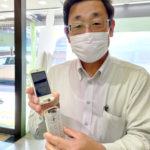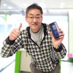 5/1から更にお得になる「シン・プラン」へ変更手続きに来店の五泉市半田さん。テレビのナレーションや司会業をしています。家族全員Xモバイル。更にお安くなりました。
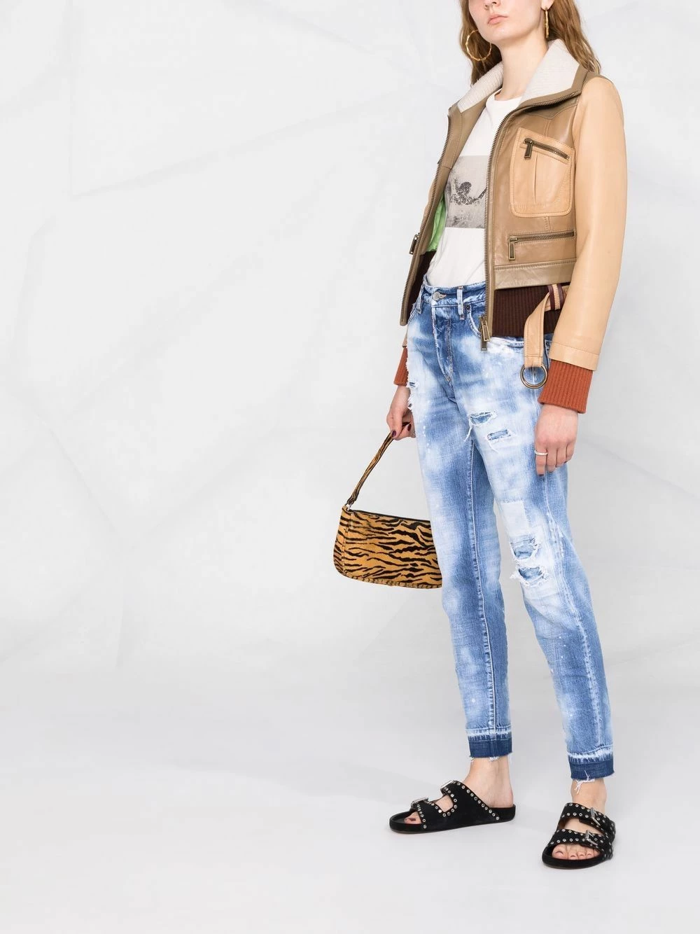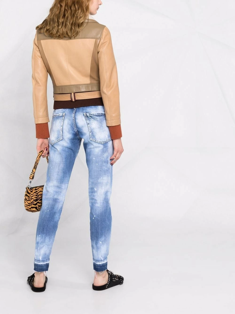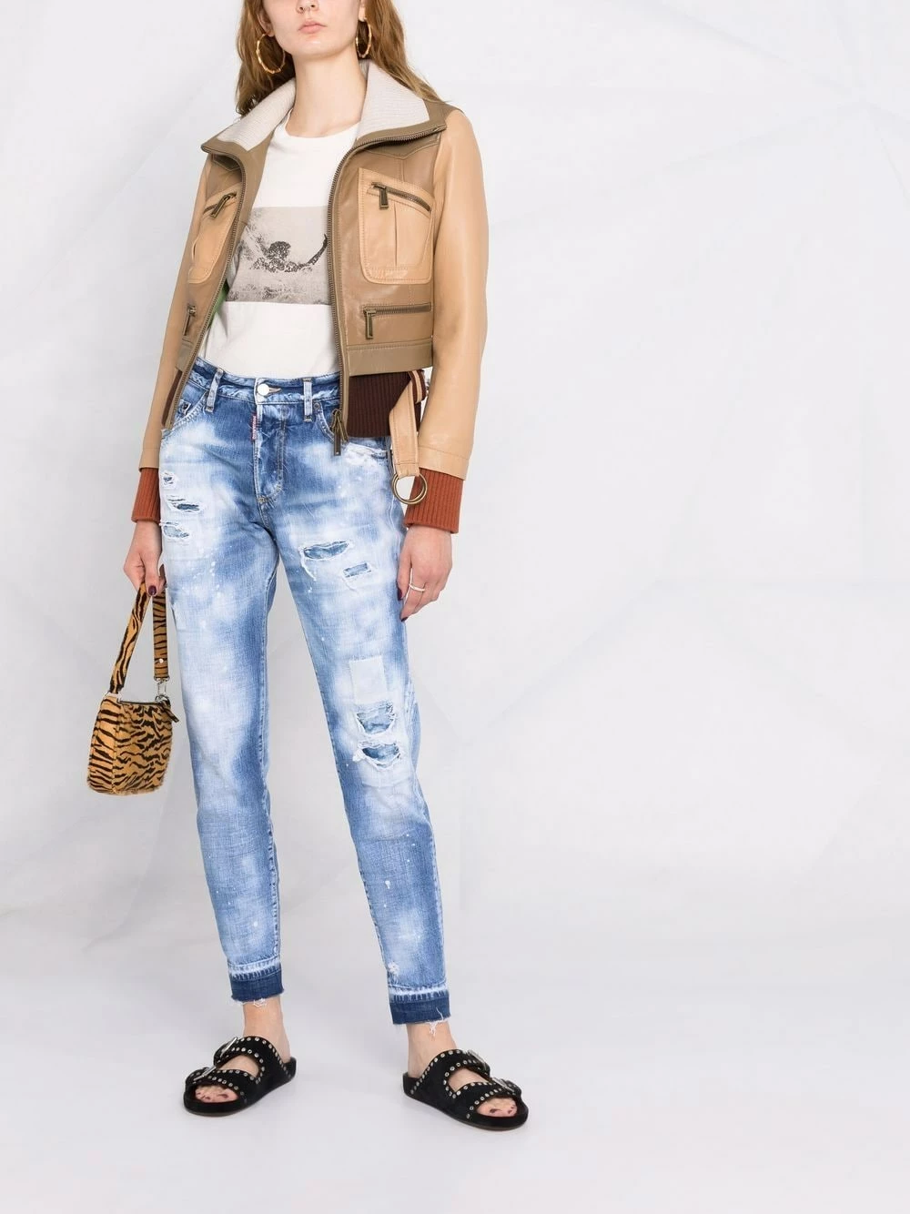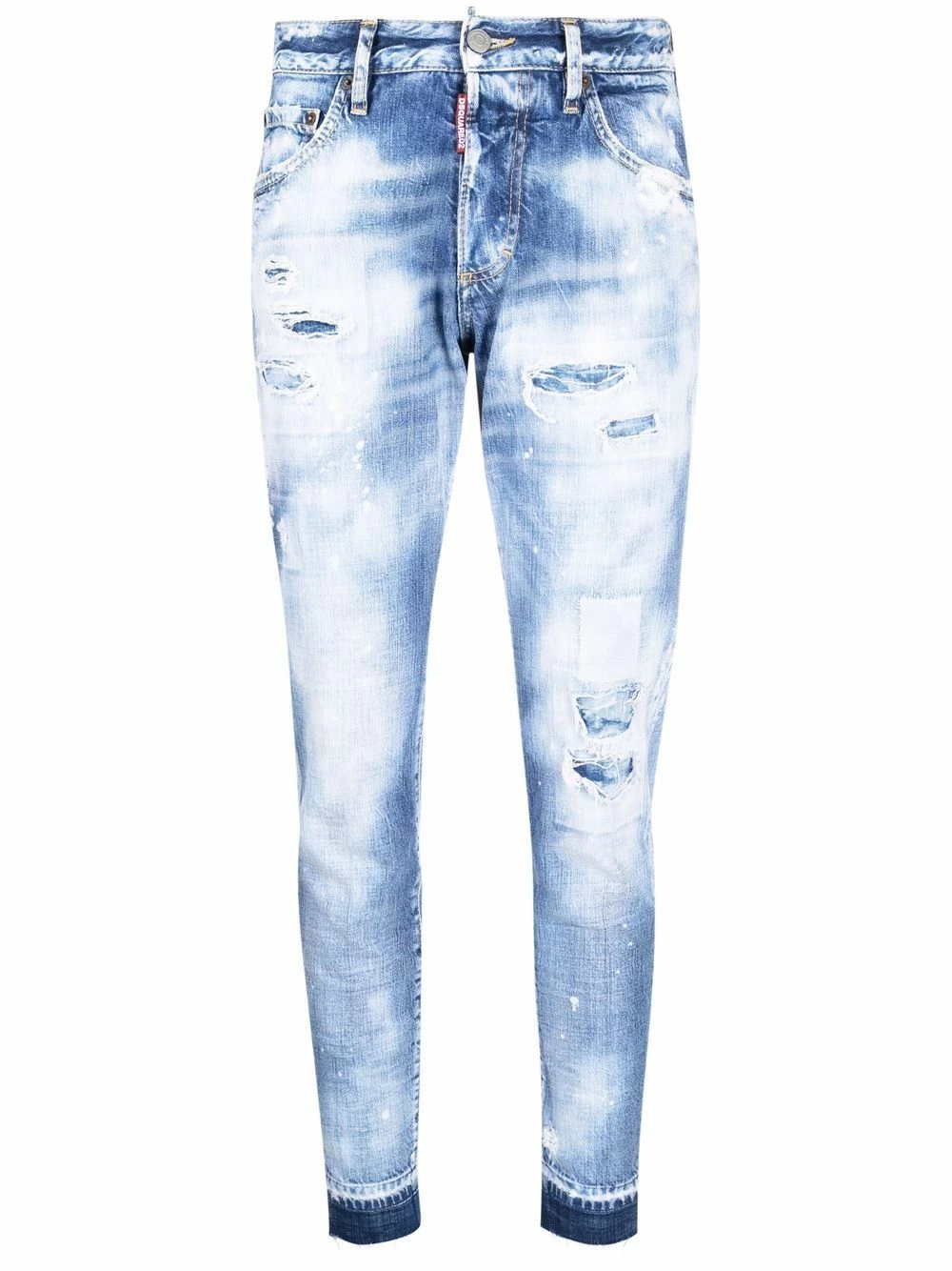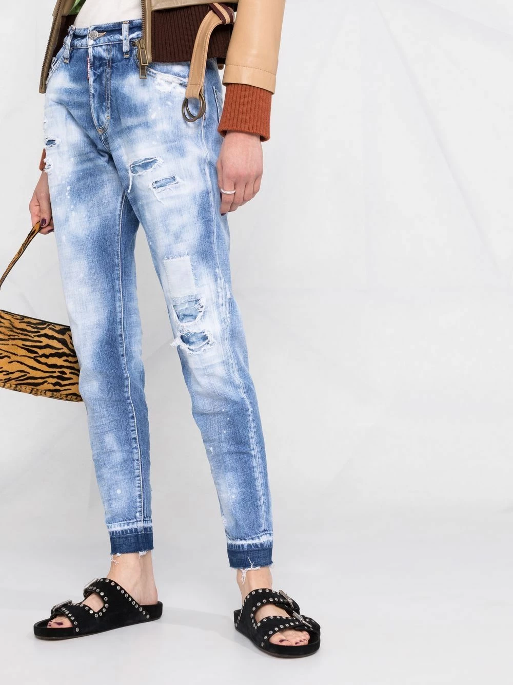 Effet délavé, effet usé, coupe slim, passants de ceinture, fermeture dissimulée sur le devant, cinq poches classiques. Couleur : bleu.
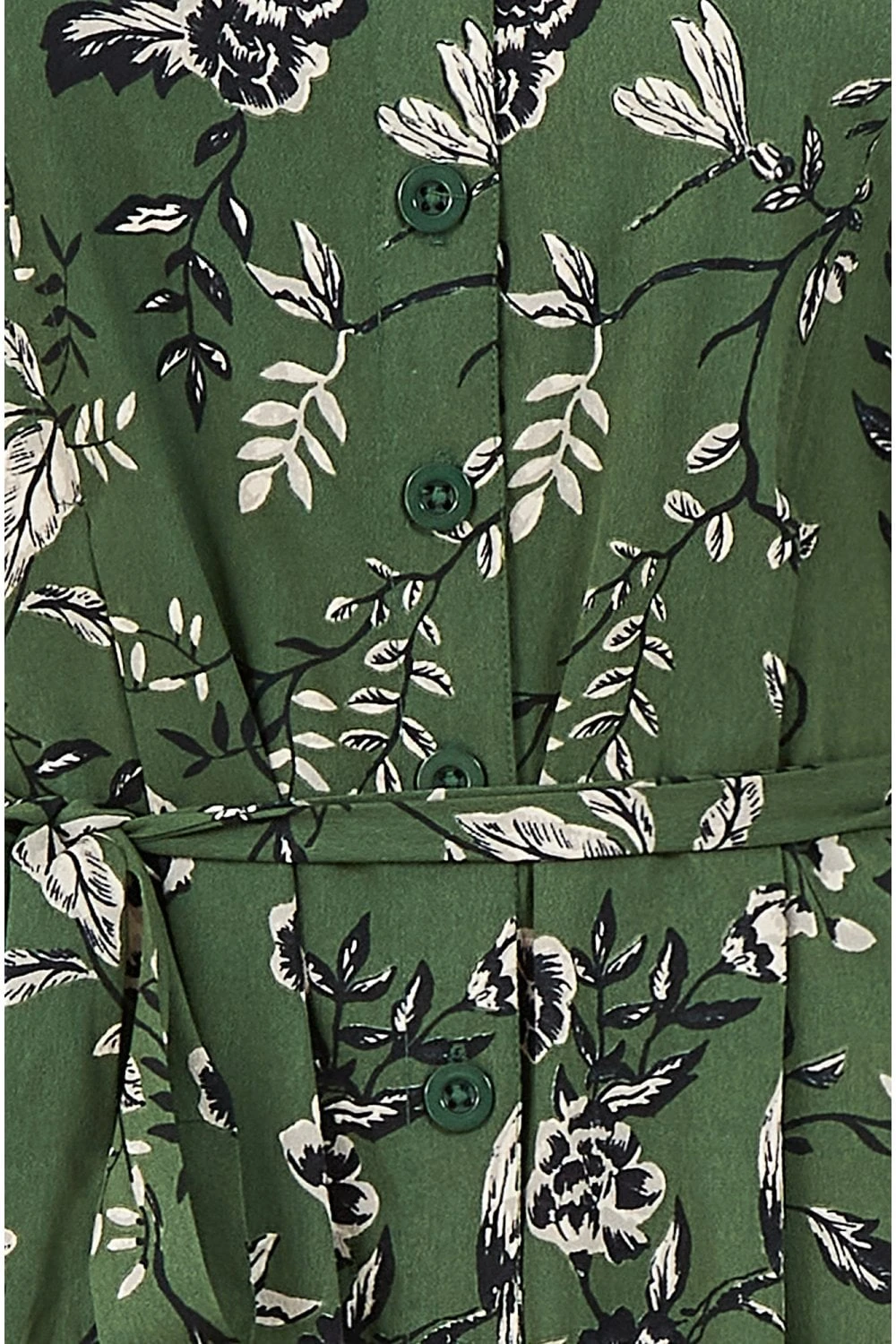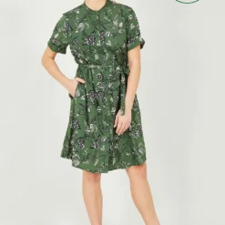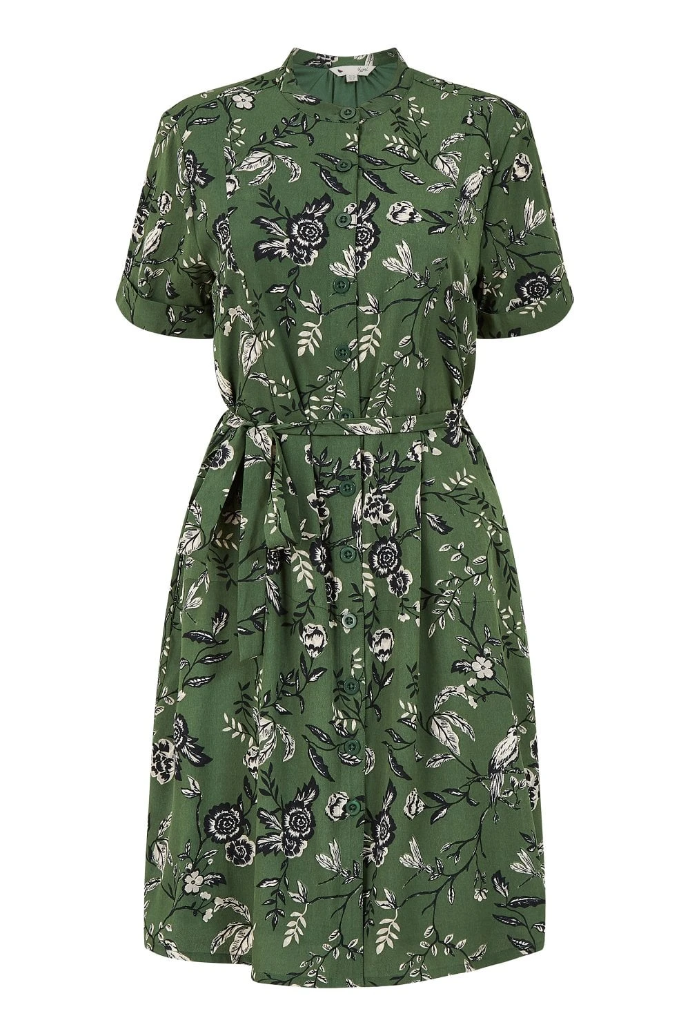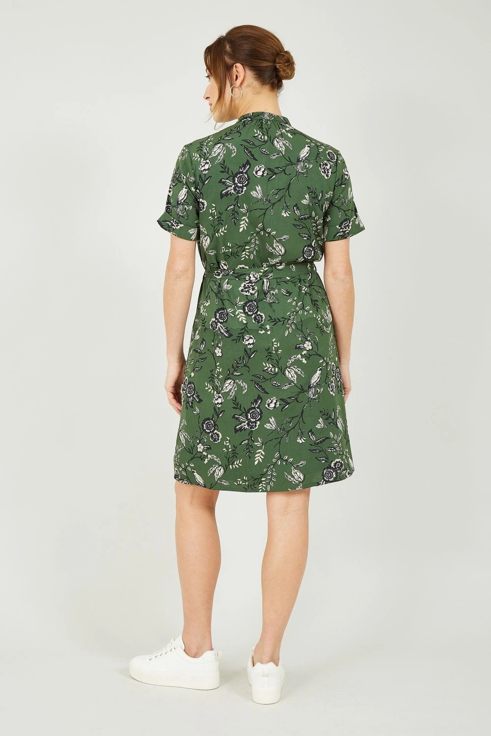 New season style, recycled material. Go green in this striking Recycled Bird Print Shirt Dress by Yumi. A versatile fit, this shirt dress is covered in an all-over super cute bird and floral print, and comes complete with grandad collar, short sleeves with turn-up detail and a waist accentuating tie belt. Perfect office or weekend wear, perfect matched with ankle boots or even dressed up with heels and a leather jacket.

◆ Exercise goal:
For your answer, write out the data exactly and drop every picture.

◆ Solution for this problem:
 5/1から更にお得になる「シン・プラン」へ変更手続きに来店の五泉市半田さん。テレビのナレーションや司会業をしています。家族全員Xモバイル。更にお安くなりました。
 Effet délavé, effet usé, coupe slim, passants de ceinture, fermeture dissimulée sur le devant, cinq poches classiques. Couleur : bleu.
 New season style, recycled material. Go green in this striking Recycled Bird Print Shirt Dress by Yumi. A versatile fit, this shirt dress is covered in an all-over super cute bird and floral print, and comes complete with grandad collar, short sleeves with turn-up detail and a waist accentuating tie belt. Perfect office or weekend wear, perfect matched with ankle boots or even dressed up with heels and a leather jacket.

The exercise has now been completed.